#### SUPPLIED ENTRIES:
------------
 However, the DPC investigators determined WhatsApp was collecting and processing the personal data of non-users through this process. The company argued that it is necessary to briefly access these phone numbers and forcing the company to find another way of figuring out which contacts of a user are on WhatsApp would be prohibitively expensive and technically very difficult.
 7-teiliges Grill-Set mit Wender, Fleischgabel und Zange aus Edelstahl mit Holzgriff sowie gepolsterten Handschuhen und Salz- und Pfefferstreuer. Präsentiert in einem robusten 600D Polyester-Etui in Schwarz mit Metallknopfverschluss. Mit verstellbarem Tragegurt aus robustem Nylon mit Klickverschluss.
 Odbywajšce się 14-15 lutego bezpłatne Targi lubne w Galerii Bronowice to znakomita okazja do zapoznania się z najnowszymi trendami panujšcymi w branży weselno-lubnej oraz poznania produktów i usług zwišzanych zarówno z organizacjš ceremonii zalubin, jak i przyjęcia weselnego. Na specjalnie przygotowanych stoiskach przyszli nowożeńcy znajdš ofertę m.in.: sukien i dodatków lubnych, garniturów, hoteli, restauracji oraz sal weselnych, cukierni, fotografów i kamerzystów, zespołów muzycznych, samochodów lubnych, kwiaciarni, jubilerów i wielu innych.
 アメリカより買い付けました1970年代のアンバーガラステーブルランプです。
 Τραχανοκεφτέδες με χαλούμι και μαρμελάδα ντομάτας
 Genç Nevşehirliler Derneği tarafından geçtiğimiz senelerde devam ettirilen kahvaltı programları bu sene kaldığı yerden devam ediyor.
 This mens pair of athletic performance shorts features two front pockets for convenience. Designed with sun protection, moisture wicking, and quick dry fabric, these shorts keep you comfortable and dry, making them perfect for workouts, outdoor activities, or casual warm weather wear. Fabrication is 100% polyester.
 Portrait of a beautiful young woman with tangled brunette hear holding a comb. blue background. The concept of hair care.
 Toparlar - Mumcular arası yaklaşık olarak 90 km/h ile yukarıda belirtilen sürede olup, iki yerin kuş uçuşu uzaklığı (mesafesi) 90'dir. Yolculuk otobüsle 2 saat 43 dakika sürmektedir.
------------
#### WORK INSTRUCTION:
Word for word, restate the lines of the data above that fall between the line holding "Odbywajšce się 14-15" and the line holding "Genç Nevşehirliler Derneği", inclusive, and no other lines.

#### ANSWER SPACE:
 Odbywajšce się 14-15 lutego bezpłatne Targi lubne w Galerii Bronowice to znakomita okazja do zapoznania się z najnowszymi trendami panujšcymi w branży weselno-lubnej oraz poznania produktów i usług zwišzanych zarówno z organizacjš ceremonii zalubin, jak i przyjęcia weselnego. Na specjalnie przygotowanych stoiskach przyszli nowożeńcy znajdš ofertę m.in.: sukien i dodatków lubnych, garniturów, hoteli, restauracji oraz sal weselnych, cukierni, fotografów i kamerzystów, zespołów muzycznych, samochodów lubnych, kwiaciarni, jubilerów i wielu innych.
 アメリカより買い付けました1970年代のアンバーガラステーブルランプです。
 Τραχανοκεφτέδες με χαλούμι και μαρμελάδα ντομάτας
 Genç Nevşehirliler Derneği tarafından geçtiğimiz senelerde devam ettirilen kahvaltı programları bu sene kaldığı yerden devam ediyor.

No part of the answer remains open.